Issues using OpenMP in Owl

Recently I’m looking at using OpenMP in the numerical library Owl. To improve efficiency, part of the core functions in Owl are implemented in C. For example, to perform sin function on a vector:

open Owl
module N = Dense.Ndarray.S

let _ = 
let n = 1000000 in 
let x = N.ones [|n|] in 
N.sin x

In the end it will call the C code in owl_ndarray_maths_map.h, where the sin function is applied to each element in the array in a for-loop. Here OpenMP can be used to improve the speed of the for-loop by assigning sin operations to multiple threads, as shown in owl_ndarray_maths_map_omp.h. So ideally more threads will leads to faster speed.

However, on my laptop it shows the opposite behaviour: when I turn on the openmp switch in compiling Owl and run the aforementioned OCaml code, the running time of N.sin x actually grows with more threads in OpenMP, as shown here:

Running%20sin%20function%20on%20vector%20in%20Owl

The result suggests that using more threads only adds fixed amount of overhead, without performing multi-thread work.

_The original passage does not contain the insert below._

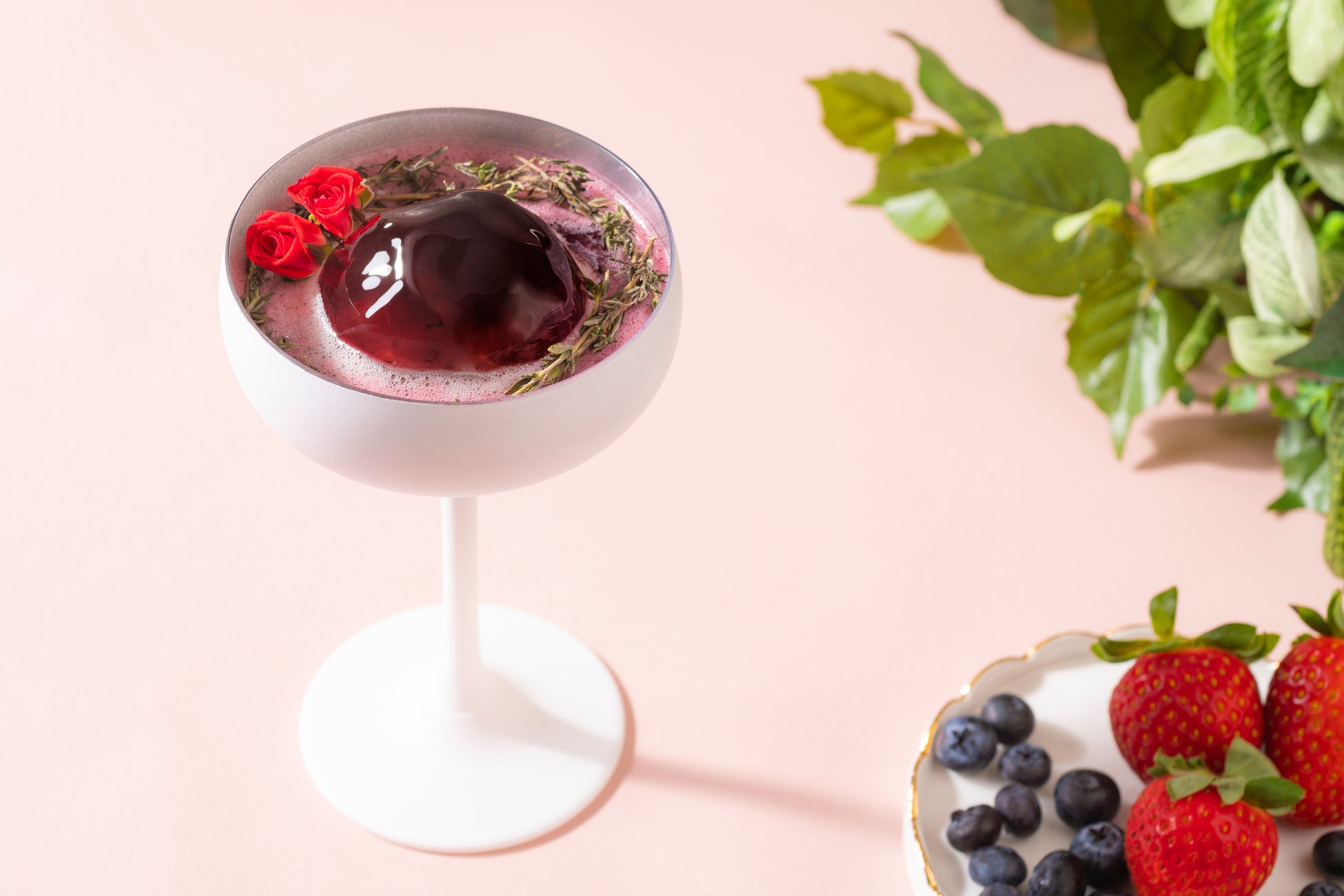 氷でできた花冠をイメージしたスムージーのようなモクテルです。苺やブルーベリーの甘酸っぱい味わいの中に、アールグレイの香りが広がり、ジンジャーコーディアルのピリッとした心地良い辛味の余韻が残る一杯。グラスに浮かべたタイムのさわやかな香りとエルダーフラワーの甘くフルーティーな香りとともにお楽しみください。

To check if this problem is caused by the OpenMP on my machine itself, I create a short C script to do the same computation:

#include <string.h>
#include <stdio.h>
#include <stdlib.h>
#include <math.h>
#include <omp.h>
static long N = 10000000;
#define NUM_THREADS 4

int main ()
{
    float start_time, run_time;
    float *x = (float *) calloc(N, sizeof(float));
    float *y = (float *) calloc(N, sizeof(float));
    if (x == NULL || y == NULL) exit(1);
    memset(x, 1, sizeof(x));
    for (int i = 0; i < N; ++i)
        x[i] = i;
             
    start_time = omp_get_wtime();

    omp_set_num_threads(NUM_THREADS);
    #pragma omp parallel for schedule(static)
    for (int i = 0; i < N; ++i) {
        float tmp = x[i];
        y[i] = sinf(tmp);
    }
    run_time = omp_get_wtime() - start_time;
    printf("\nRunning Time is %f seconds\n ", run_time);
}     

By compiling it with gcc -fopenmp sin.c -lm on the same machine, this C code, however, shows the expected performance, which is more threads leading to faster speed. I checked that both the OCaml native code and the C executable are linked to the same libgomp.so file by using ldd.

Also, this issue can be re-created on another Ubuntu machine of mine, but not on Mac machines.

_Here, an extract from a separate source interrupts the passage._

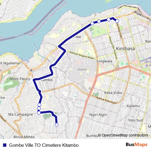 Gombe Ville TO Cimetiere Kitambo bus Route Map
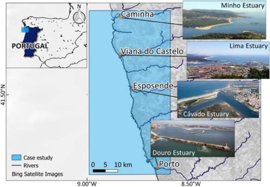 Downscaling of climate change scenarios for sea level rise assessment should be properly contextualized, since its quantification depends on a great number of complex physical processes including land subsidence changes, eustatic sea-level change, freshwater discharge variations in river deltas, and tidal range alterations []. However, for extreme short-term events like coastal storms, whose effects can be aggravated by a sea level rise, once they have become more intense and frequent already constitute a threat for coastal environments. Low lying coastal territories, which usually coincide with estuaries and river deltas, are among the most vulnerable coastal areas to the impacts of coastal storms. On the northwestern Portuguese coast we can identify four main estuaries: the Minho, Lima, Cávado, and Douro estuaries [,,], which have a considerable number of exposed areas that are vulnerable to coastal storm effects (Figure 1).

In compiling Owl, I remove all the c flags to avoid any possible interference. Though not very likely, but I was thinking if jbuilder/dune actually adds some default c flags in compiling the Owl code. @jeremiedimino

I’m definitely not an expert in OpenMP, and maybe this is not the best place to discuss too much about C, but if there is any one who has experience of using OpenMP in OCaml/C hybrid systems like Owl @ryanrhymes, your help would be more than welcome. Thank you!